[[ ENTRIES SHOWN open ]]

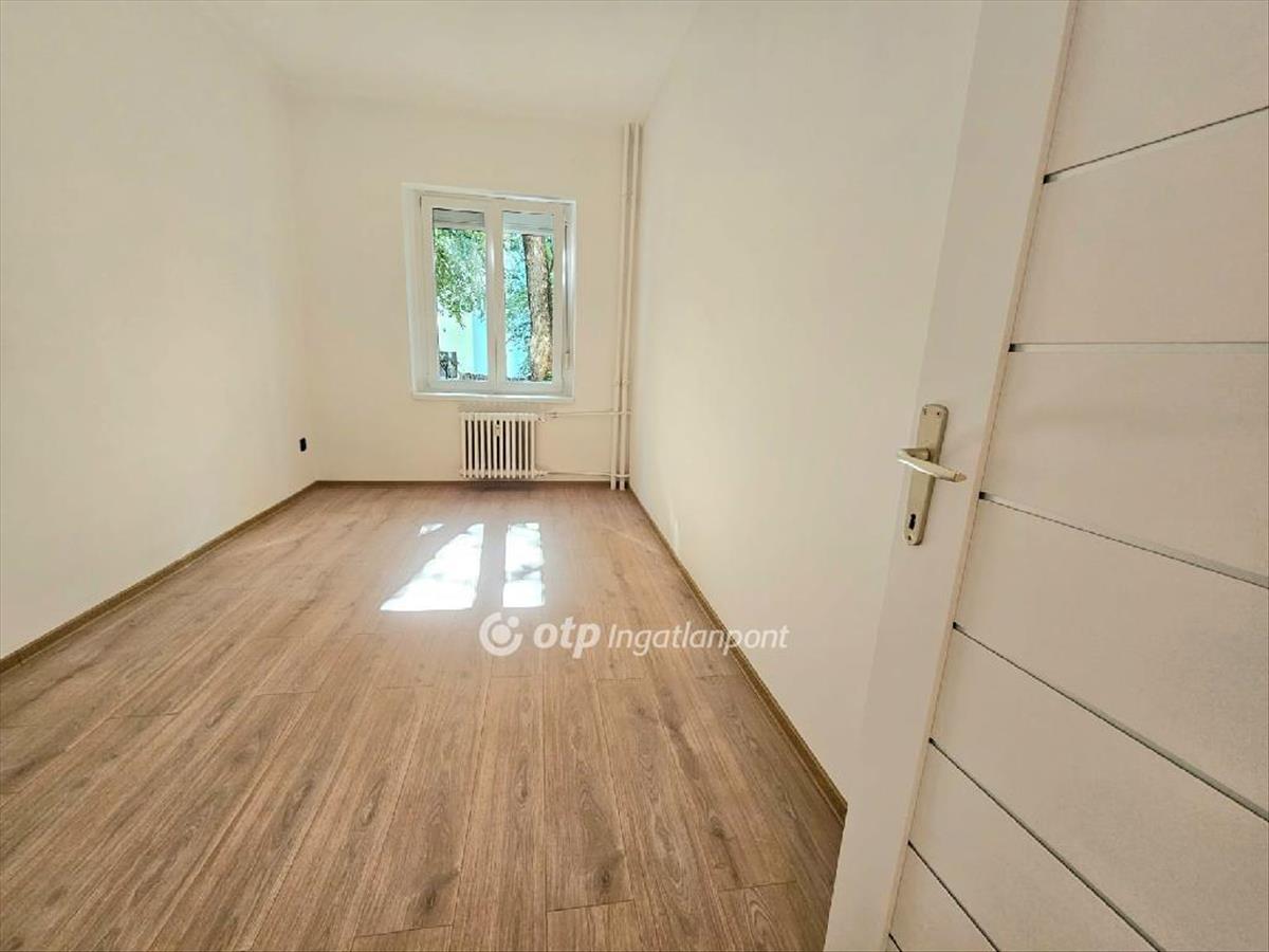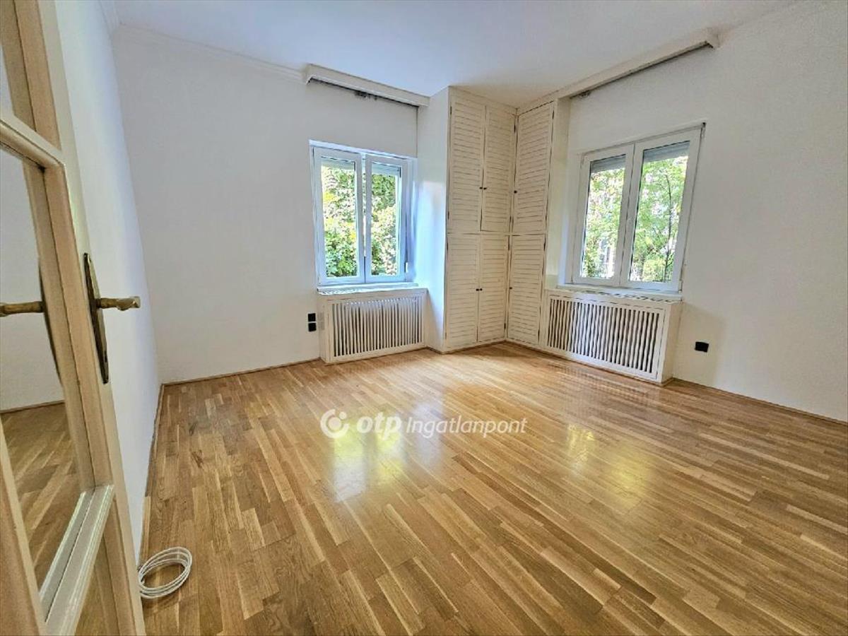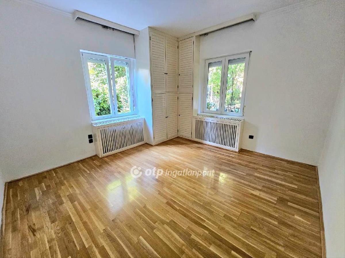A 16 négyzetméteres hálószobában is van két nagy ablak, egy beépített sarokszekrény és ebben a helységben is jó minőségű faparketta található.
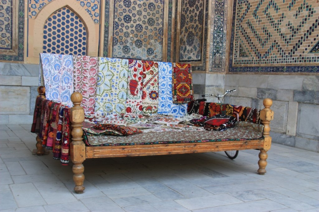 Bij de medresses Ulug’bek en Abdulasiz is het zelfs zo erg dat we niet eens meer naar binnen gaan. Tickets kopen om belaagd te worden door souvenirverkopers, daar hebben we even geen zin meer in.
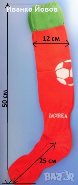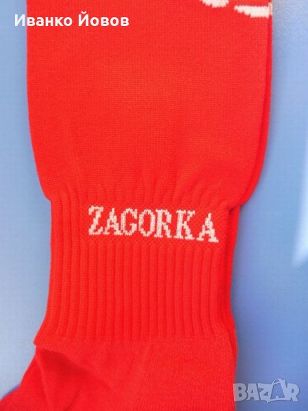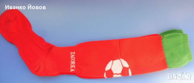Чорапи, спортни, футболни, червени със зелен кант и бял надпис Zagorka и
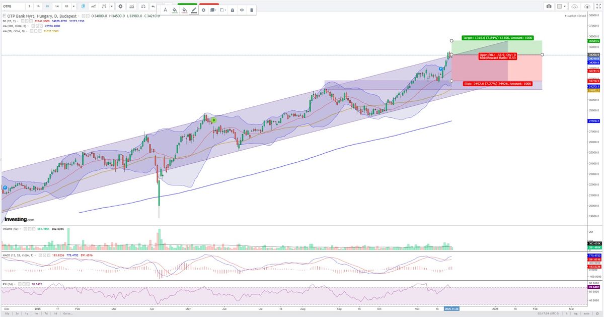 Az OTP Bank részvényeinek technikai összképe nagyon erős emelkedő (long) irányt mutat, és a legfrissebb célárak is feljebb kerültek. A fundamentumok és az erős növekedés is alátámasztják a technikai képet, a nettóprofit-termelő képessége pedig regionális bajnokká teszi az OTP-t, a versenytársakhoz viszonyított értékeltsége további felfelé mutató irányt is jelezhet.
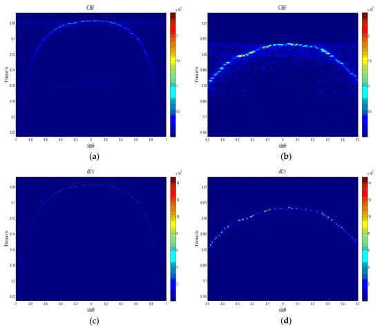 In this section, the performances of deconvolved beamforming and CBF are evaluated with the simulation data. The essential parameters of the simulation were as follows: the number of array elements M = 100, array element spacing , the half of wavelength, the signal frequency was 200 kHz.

[[ ENTRIES SHOWN closed ]]

* _INSTRUCTIONS FOR THE TASK_
From the first line to the last, output the data exactly; skip any pictures.

* _SOLUTION TO THE EXERCISE_
A 16 négyzetméteres hálószobában is van két nagy ablak, egy beépített sarokszekrény és ebben a helységben is jó minőségű faparketta található.
 Bij de medresses Ulug’bek en Abdulasiz is het zelfs zo erg dat we niet eens meer naar binnen gaan. Tickets kopen om belaagd te worden door souvenirverkopers, daar hebben we even geen zin meer in.
Чорапи, спортни, футболни, червени със зелен кант и бял надпис Zagorka и
 Az OTP Bank részvényeinek technikai összképe nagyon erős emelkedő (long) irányt mutat, és a legfrissebb célárak is feljebb kerültek. A fundamentumok és az erős növekedés is alátámasztják a technikai képet, a nettóprofit-termelő képessége pedig regionális bajnokká teszi az OTP-t, a versenytársakhoz viszonyított értékeltsége további felfelé mutató irányt is jelezhet.
 In this section, the performances of deconvolved beamforming and CBF are evaluated with the simulation data. The essential parameters of the simulation were as follows: the number of array elements M = 100, array element spacing , the half of wavelength, the signal frequency was 200 kHz.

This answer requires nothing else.